The problem. Of all the entries below, only the lines from the one with "Установили на мясорубку" up to and including the one with "Very good preowned" are to be duplicated exactly.

Records for the exercise.
════════════════
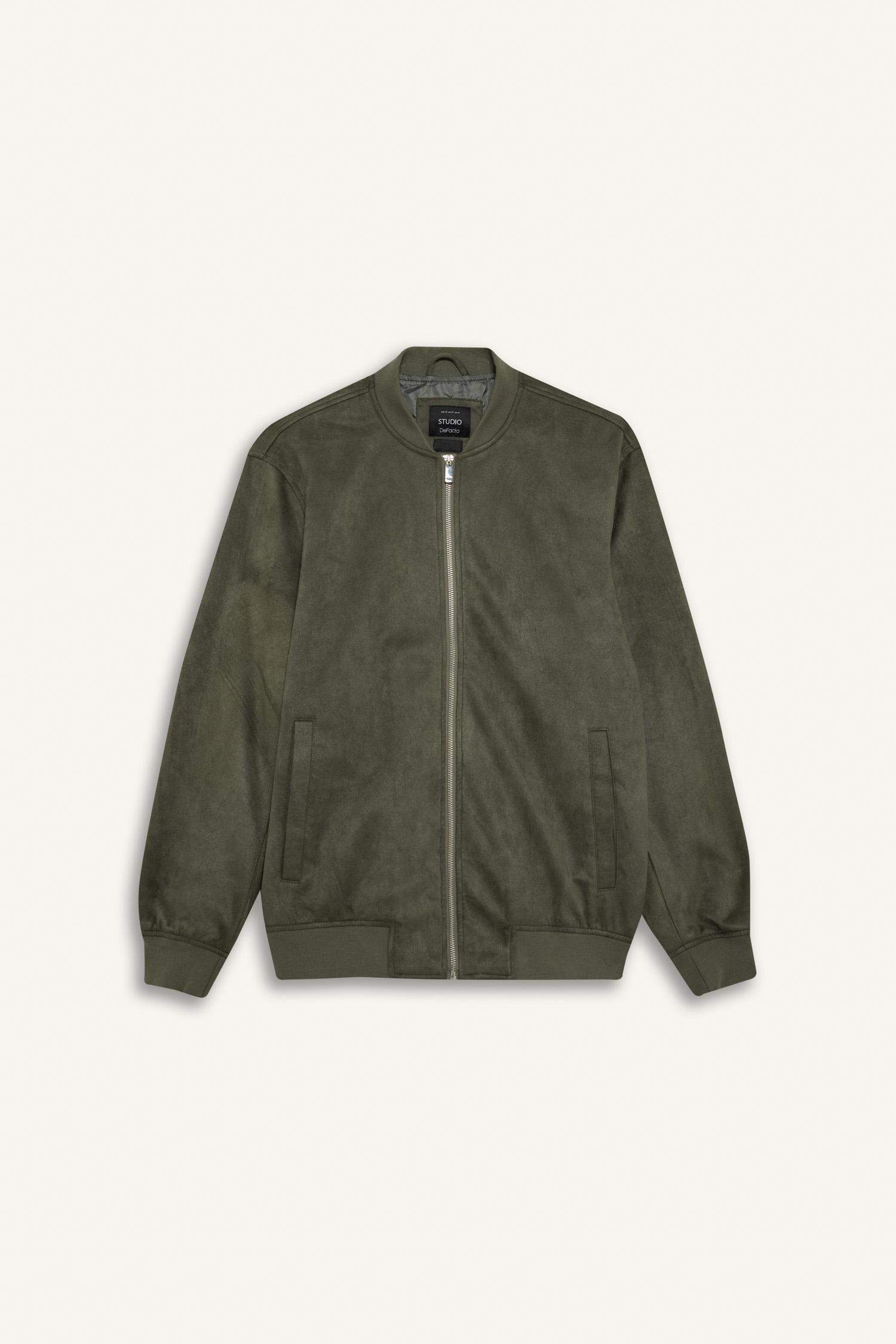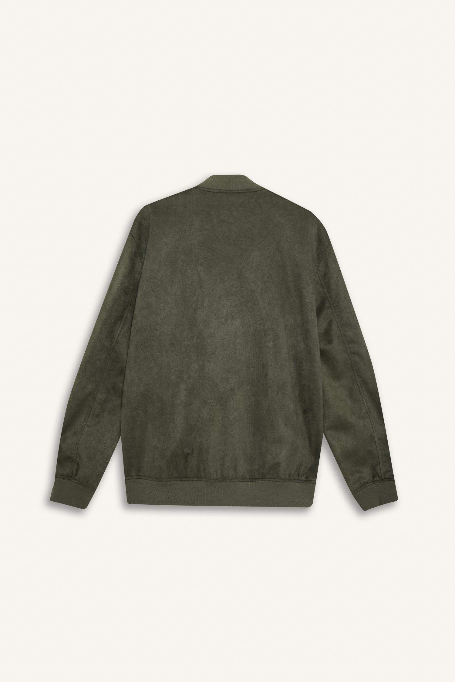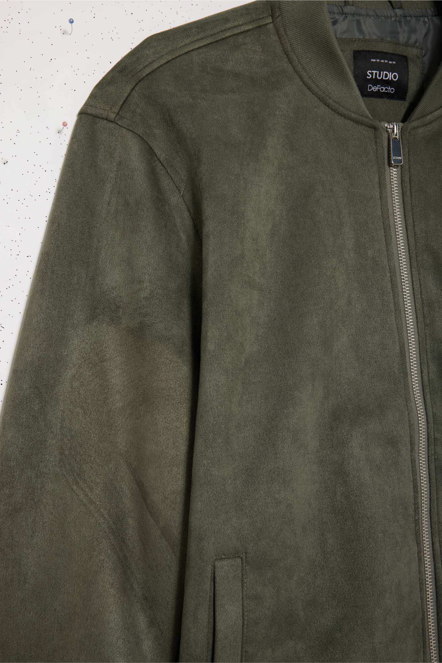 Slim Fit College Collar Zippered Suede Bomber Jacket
════════════════
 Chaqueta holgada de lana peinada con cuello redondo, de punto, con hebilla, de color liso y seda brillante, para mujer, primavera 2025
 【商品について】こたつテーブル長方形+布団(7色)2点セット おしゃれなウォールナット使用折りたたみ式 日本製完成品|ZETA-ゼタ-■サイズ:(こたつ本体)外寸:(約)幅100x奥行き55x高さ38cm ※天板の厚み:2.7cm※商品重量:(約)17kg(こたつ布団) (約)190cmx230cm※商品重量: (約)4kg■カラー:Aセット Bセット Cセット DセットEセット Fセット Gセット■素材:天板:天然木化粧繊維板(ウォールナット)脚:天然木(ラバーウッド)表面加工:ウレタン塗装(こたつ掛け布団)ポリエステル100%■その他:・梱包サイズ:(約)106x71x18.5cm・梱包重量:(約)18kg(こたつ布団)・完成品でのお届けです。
════════════════
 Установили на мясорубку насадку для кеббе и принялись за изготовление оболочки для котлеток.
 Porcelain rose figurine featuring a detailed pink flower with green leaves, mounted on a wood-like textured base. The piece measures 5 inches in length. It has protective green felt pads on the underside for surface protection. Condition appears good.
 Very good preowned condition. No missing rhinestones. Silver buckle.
════════════════
Finished task.
 Установили на мясорубку насадку для кеббе и принялись за изготовление оболочки для котлеток.
 Porcelain rose figurine featuring a detailed pink flower with green leaves, mounted on a wood-like textured base. The piece measures 5 inches in length. It has protective green felt pads on the underside for surface protection. Condition appears good.
 Very good preowned condition. No missing rhinestones. Silver buckle.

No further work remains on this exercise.